▸ **Task to carry out**: Exactly retype the lines from the top of the data through the line containing "Одним из самых", leaving out every picture.

[[ Records for the exercise open ]]

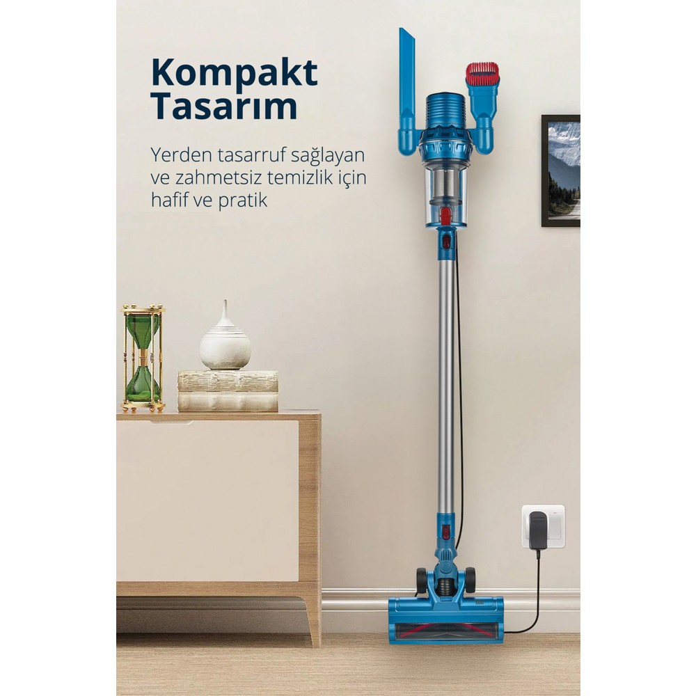 KVC-4041 Kablosuz Dik Süpürge, güçlü bir motoru ve hafif tasarımı ile evinizdeki her türlü zemini kolayca temizlemenize yardımcı olur. 2200 mAh şarj edilebilir pil sayesinde kablosuz olarak kullanabilir ve herhangi bir priz aramadan temizlik yapabilirsiniz. 2 farklı emiş gücü seçeneği ile farklı yüzeylerde etkili temizlik sağlar. Ayrıca, 4 farklı başlık ile köşeler, halılar ve mobilyalar gibi zorlu alanlara kolayca erişebilirsiniz. KVC-4041 Kablosuz Dik Süpürge, pratik kullanımı ve yüksek performansıyla ev temizliğinizi daha kolay ve hızlı hale getirir.
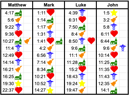 For example, Mark 1:31 beats Mark 1:11, but Mark 4:2 beats Mark 1:31.
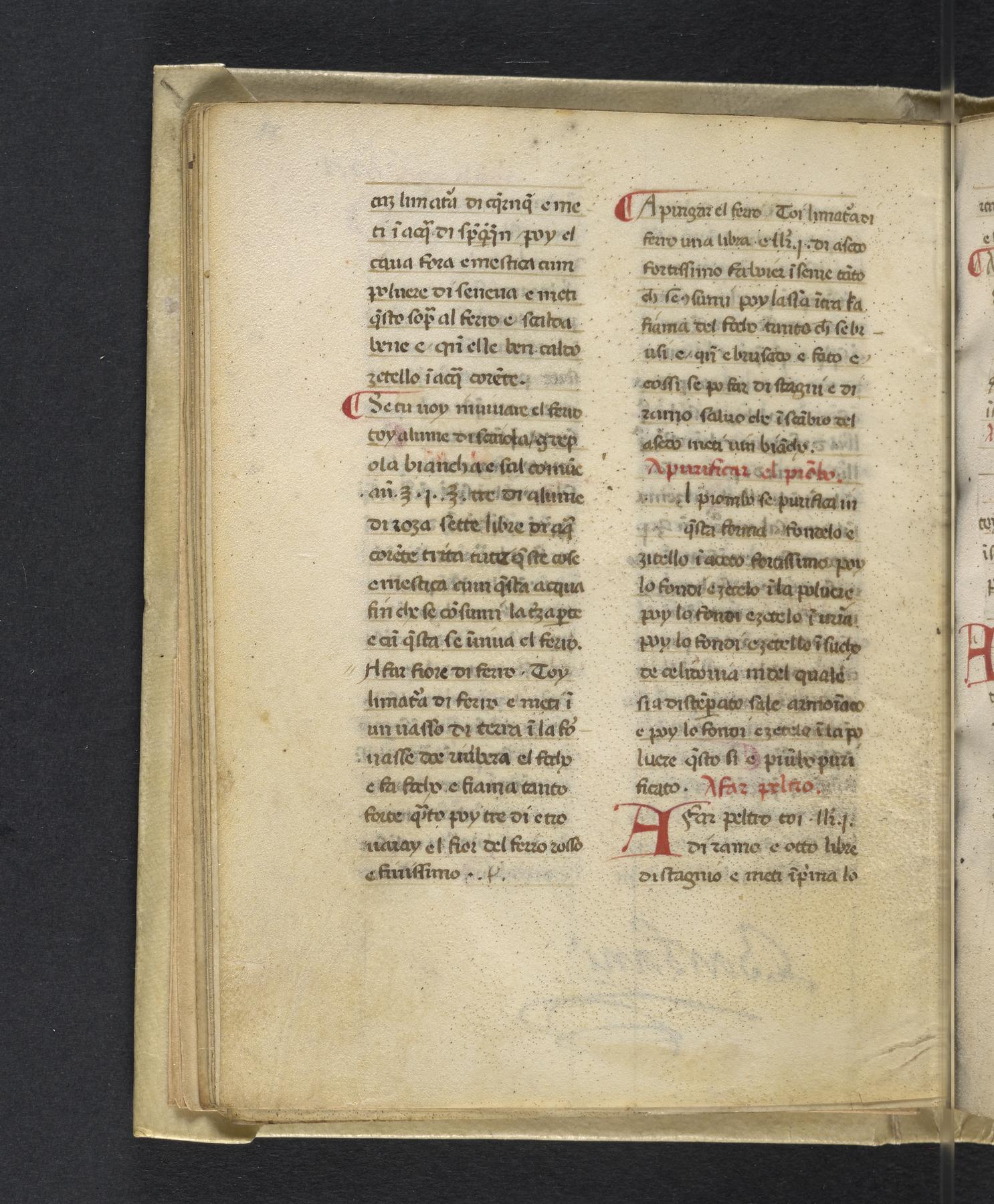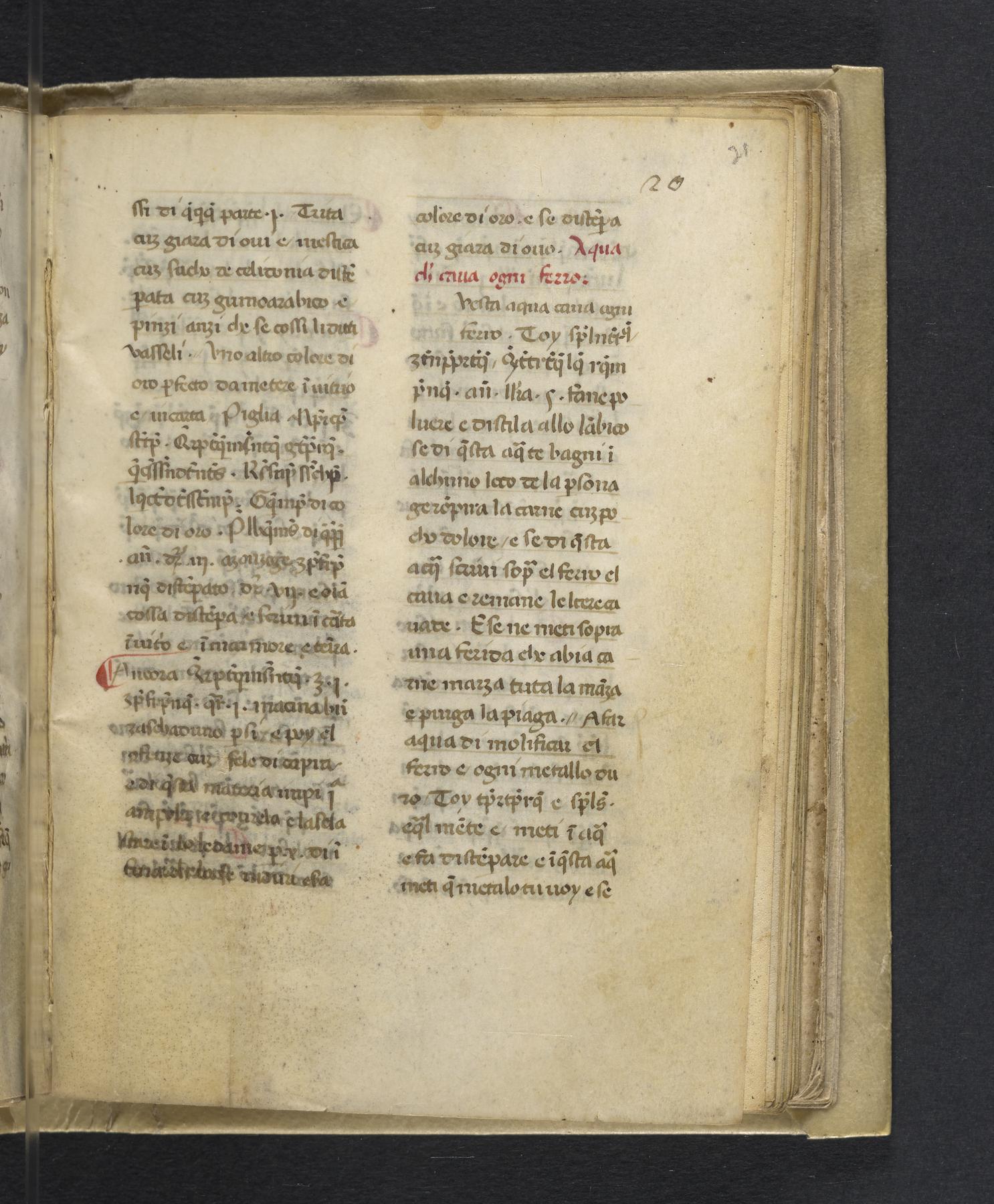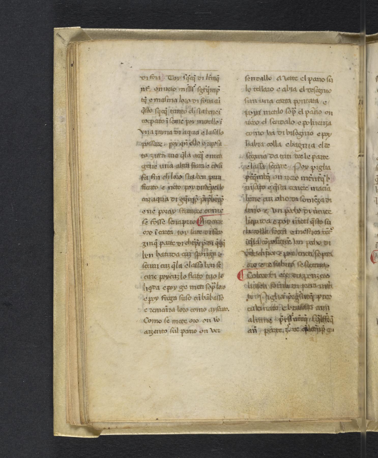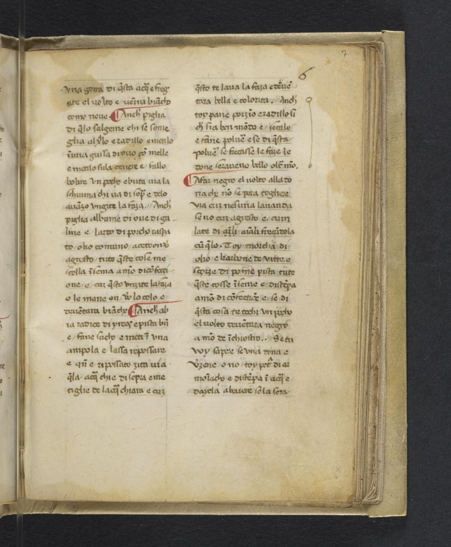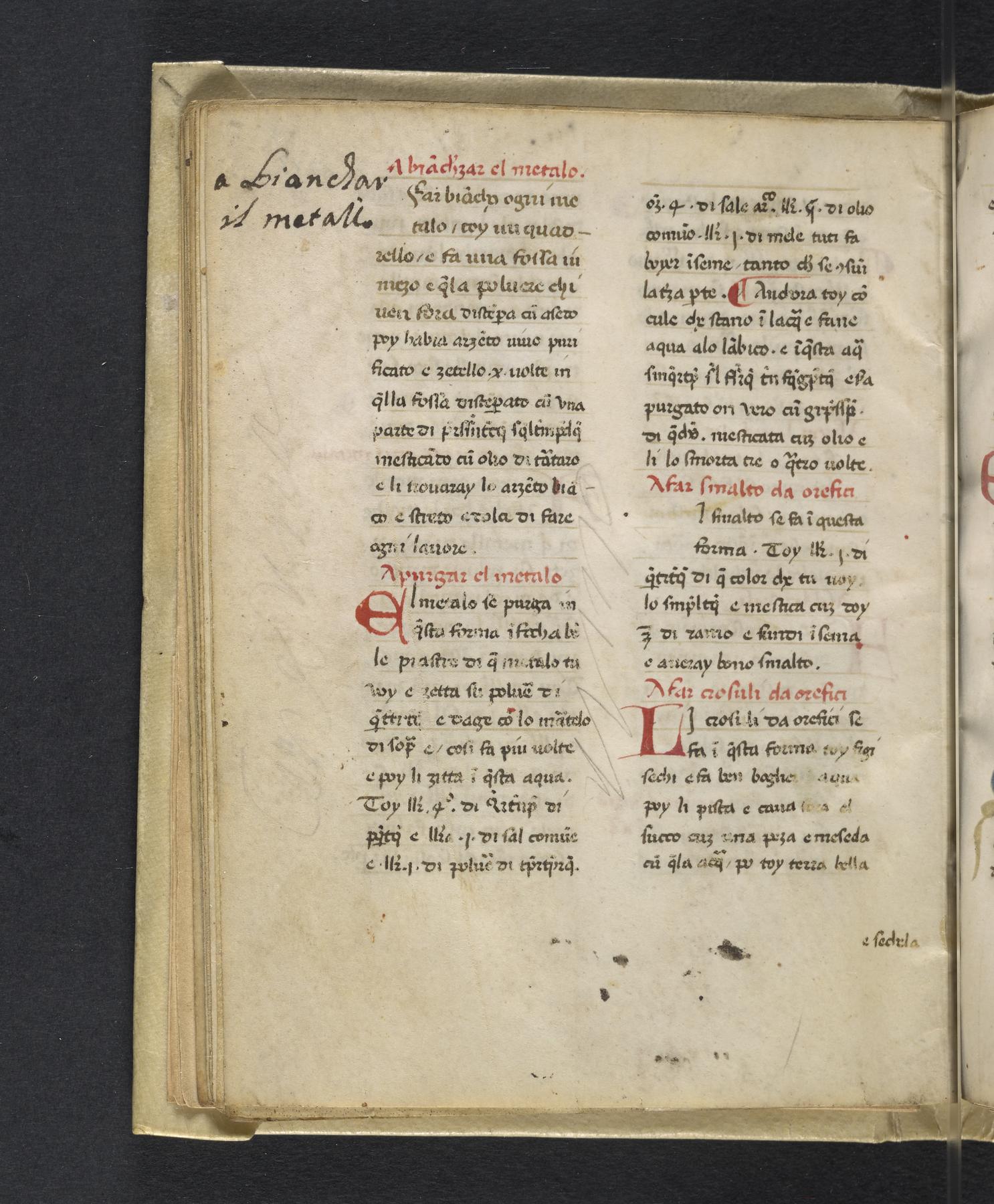This manuscript is a compilation of remedies for various ills chiefly using wine, recipes for pills, for purifying metals, recipes and instructions for making colors for painting, enameling. The first half of the manuscript (fols. 1-32) is 15th century on parchment. Additional remedies in a 16th century hand, for inflamed testicles, menstrual distress, toothache, headache, leprosy, and recipes for birth control and various hair dyes. Folios 1-46 are parchment (1st gathering water-damaged); folios 47-61 are paper. Some marginalia, including multiple signatures of Dom[ina] Maria Barbani di Corticelle, one dated Oct. 1506.
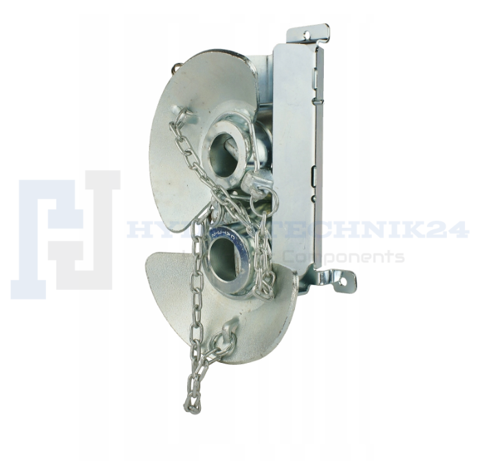 - Die Kugel mit Flansch ermöglicht ein schnelles An- und Abkuppeln der Maschine vom Schlepper. Verwendet im Befestigungssystem des Befestigungshakens am CBM-Unterlenker, Kategorie 2/2.
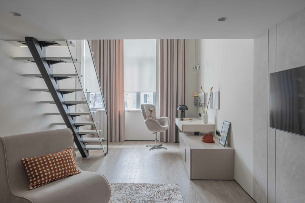 Одним из самых заметных решений в квартире стала комната дочери. Её превратили в небольшую мини-квартиру: внизу разместили рабочее место и гостиную, а на антресольном этаже — спальню и скрытую гардеробную. В результате комната стала функциональнее и лучше адаптирована под потребности ребёнка.
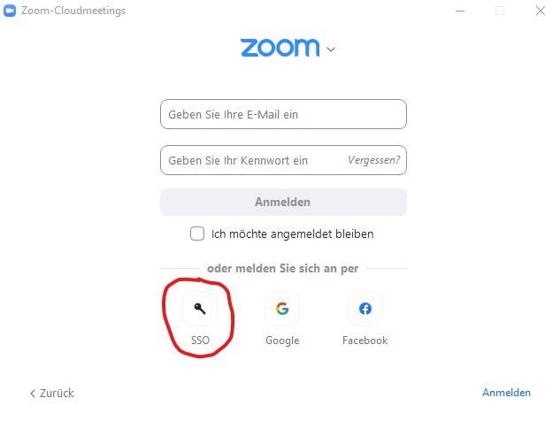 Der Login bei Zoom funktioniert ausschließlich über folgende Seite (dort auf Sign in klicken):
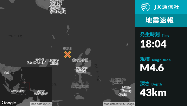 | 震源地 | インドネシアのTobeloから西北西150kmの地点 |
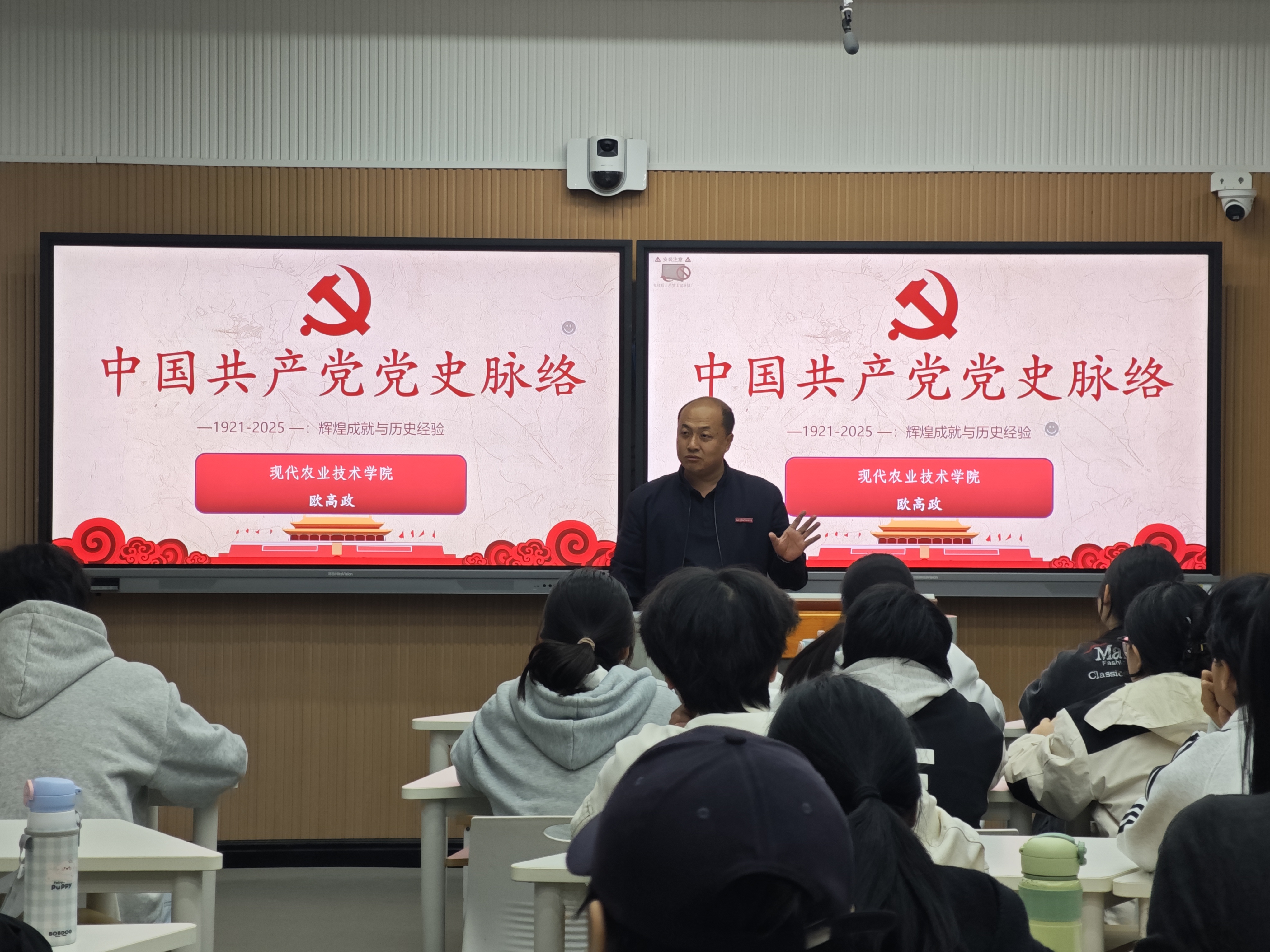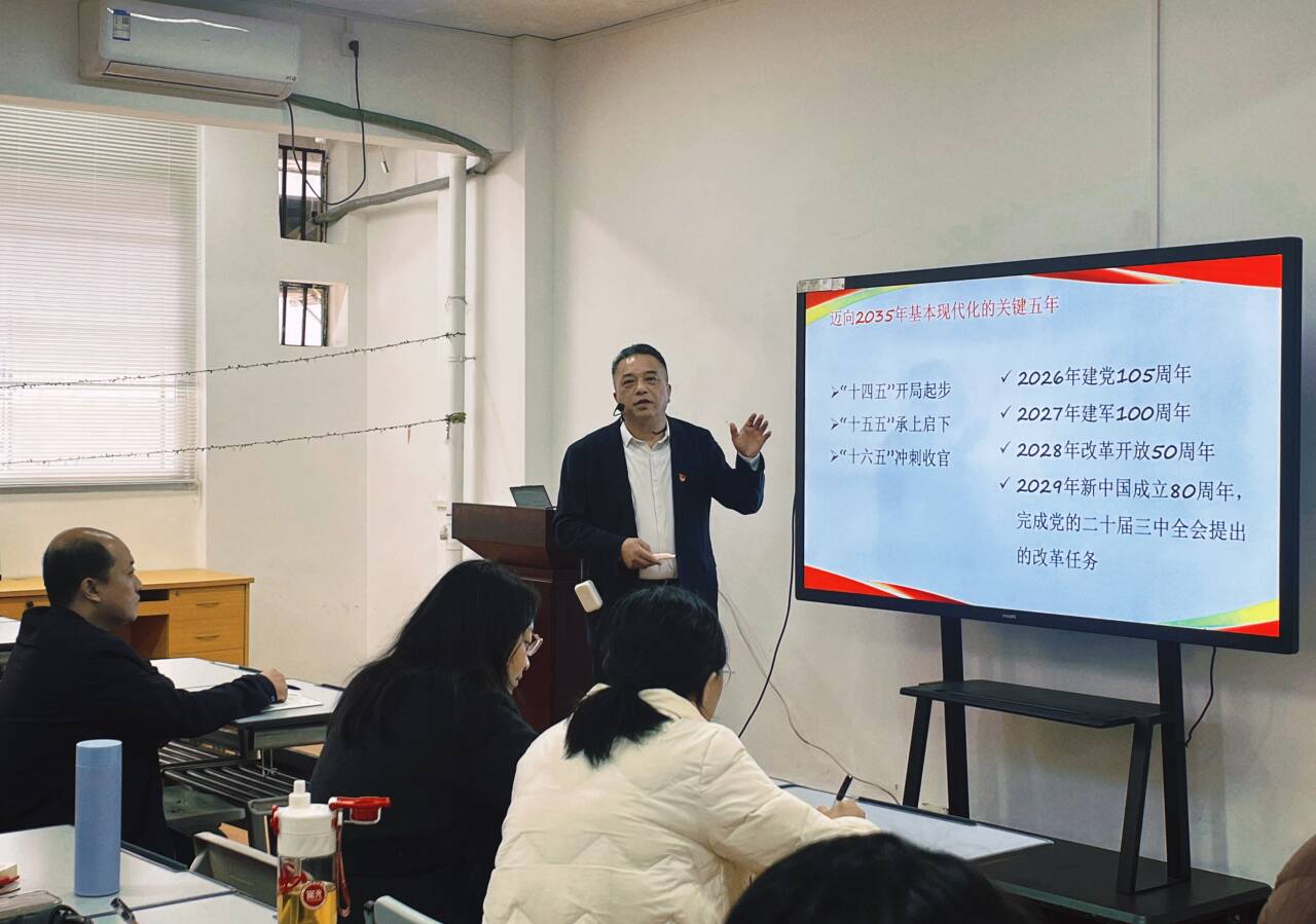 12月11日晚,现代农业技术学院党总支书记欧高政以“学习贯彻党的二十届四中全会精神 奋力开创中国式现代化新篇”为主题,为全体青马学员作专题授课。重点聚焦国家“十五五”时期发展重要着力点与青年使命担当,引导学员深入理解党的二十届四中全会精神内涵与青年责任。在专题报告中,欧高政书记从历史传承、理论创新、实践指引与国际格局四个维度,深入阐释了党的二十届四中全会精神的内涵。并结合丰富的案例,生动的讲解,帮助学员建立起对党的二十届四中全会精神的系统认知。随后,欧高政书记重点围绕“十五五”...

[[ Records for the exercise closed ]]

▸ **Result of this task**:
 KVC-4041 Kablosuz Dik Süpürge, güçlü bir motoru ve hafif tasarımı ile evinizdeki her türlü zemini kolayca temizlemenize yardımcı olur. 2200 mAh şarj edilebilir pil sayesinde kablosuz olarak kullanabilir ve herhangi bir priz aramadan temizlik yapabilirsiniz. 2 farklı emiş gücü seçeneği ile farklı yüzeylerde etkili temizlik sağlar. Ayrıca, 4 farklı başlık ile köşeler, halılar ve mobilyalar gibi zorlu alanlara kolayca erişebilirsiniz. KVC-4041 Kablosuz Dik Süpürge, pratik kullanımı ve yüksek performansıyla ev temizliğinizi daha kolay ve hızlı hale getirir.
 For example, Mark 1:31 beats Mark 1:11, but Mark 4:2 beats Mark 1:31.
This manuscript is a compilation of remedies for various ills chiefly using wine, recipes for pills, for purifying metals, recipes and instructions for making colors for painting, enameling. The first half of the manuscript (fols. 1-32) is 15th century on parchment. Additional remedies in a 16th century hand, for inflamed testicles, menstrual distress, toothache, headache, leprosy, and recipes for birth control and various hair dyes. Folios 1-46 are parchment (1st gathering water-damaged); folios 47-61 are paper. Some marginalia, including multiple signatures of Dom[ina] Maria Barbani di Corticelle, one dated Oct. 1506.
 - Die Kugel mit Flansch ermöglicht ein schnelles An- und Abkuppeln der Maschine vom Schlepper. Verwendet im Befestigungssystem des Befestigungshakens am CBM-Unterlenker, Kategorie 2/2.
 Одним из самых заметных решений в квартире стала комната дочери. Её превратили в небольшую мини-квартиру: внизу разместили рабочее место и гостиную, а на антресольном этаже — спальню и скрытую гардеробную. В результате комната стала функциональнее и лучше адаптирована под потребности ребёнка.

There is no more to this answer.